APRNs have a variety of responsibilities, including recording the patient’s history and symptoms, performing physical exams, operating medical equipment, and giving treatments to patients.

When needed, nurse practitioners may consult with doctors and other healthcare providers.

They may work independently or in collaboration with physicians.

Some states allow nurse practitioners to also prescribe medication and to order medical tests and diagnose health problems.

Nurse practitioners may specialize in working with a specific population group; for example, some work exclusively in geriatric healthcare while others work only in pediatrics.

QuestionHow much does a nurse practitioner make?

According to the Bureau of Labor Statistics, the median annual wage for nurse anesthetists, nurse midwives, and nurse practitioners was $113,930 as of May 2018.

Salaries in this field vary widely; some nurse practitioners may earn less than $80,000 while others make more than $180,000 a year.

QuestionHow much does it cost to become a nurse practitioner?

Nurse practitioners must hold a master’s degree in one of the fields in which they specialize and also need a state license, which means that they must pass a national certification exam.

Accredited master’s degree programs in nursing include both classroom education, with courses in anatomy, physiology and pharmacology, and clinical training.

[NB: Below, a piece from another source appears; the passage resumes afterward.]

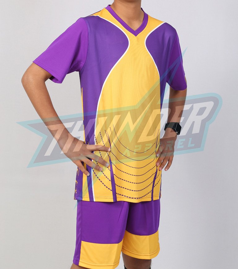 SCU-4044 Yellow Purple football soccer jersey and shorts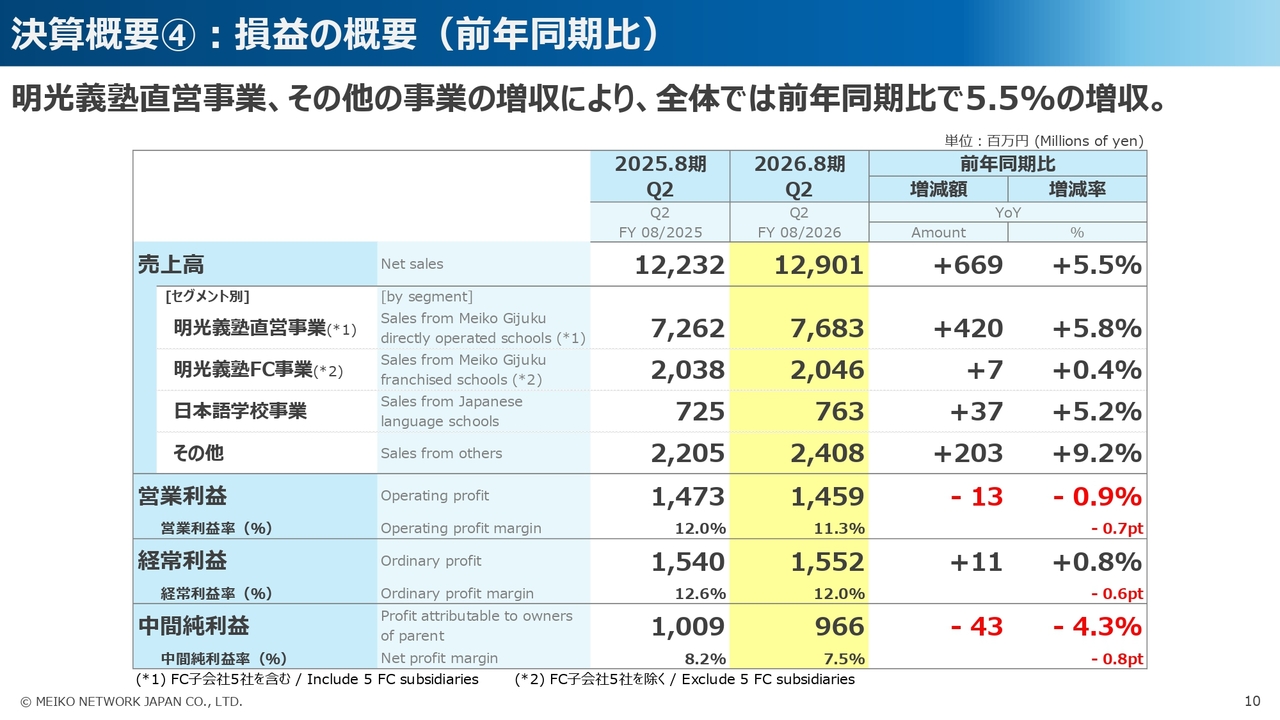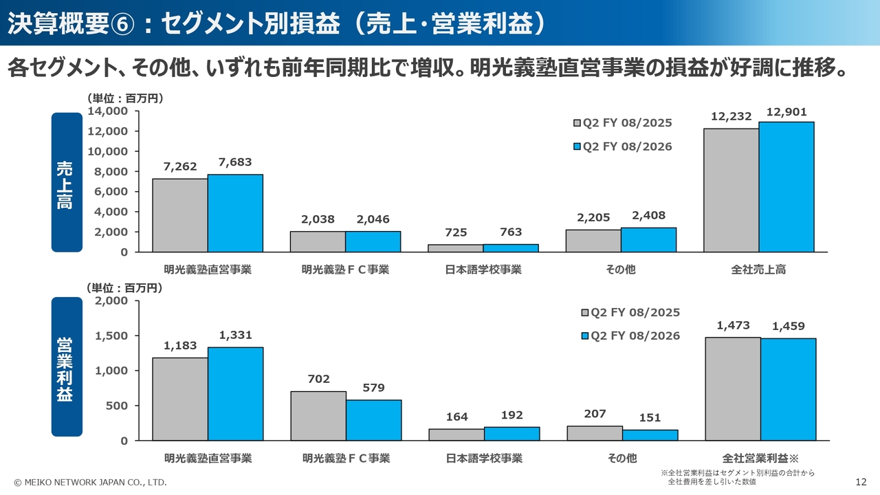 詳しくはセグメント別の中でご報告しますが、2026年8月期第2四半期の売上高については、明光義塾直営事業を中心として、おおむね想定どおりの進捗を見せたことで、計画を達成することができました。

Most programs that train APRNs prefer candidates with a bachelor’s degree in nursing but bridge programs for registered nurses with an associate’s degree in nursing are also available at some schools.

Bachelor’s degree programs in nursing can cost anywhere between $40,000 and more than $100,000 a year, depending on the school you choose.

Master’s of Nursing programs are also available online and can cost between $30,000 and more than $60,000.

QuestionWhat is the demand for nurse practitioners?

According to the Bureau of Labor Statistics, the employment of nurse anesthetists, nurse midwives, and nurse practitioners is expected to grow 26 percent from 2018 to 2028.

Nurse practitioners will be needed especially to work with the elderly and to collaborate with other healthcare professionals in order to provide preventive and primary care.

The number of job opportunities varies depending on the specialty; APRNs who specialize in working with the elderly and those who are willing to relocate to areas that are underserved by healthcare providers should have good job prospects.

QuestionHow long does it take to become a nurse practitioner?

Nurse practitioners need a master’s degree in their field of specialty, which can be obtained in approximately 2 years.

In order to be eligible to enroll at a master’s degree program, you will typically need a bachelor’s degree in nursing, which can be obtained after approximately 4 years of post-secondary study.

APRNs may also choose to earn a Doctor of Nursing Practice degree or a Ph.D.

In order to be eligible for enrollment at a graduate program, you may also need some experience in the field; exact requirements depend on the field of specialty.

In conclusion, if you want to become a nurse practitioner, you will need at least 6 years of training beyond high-school.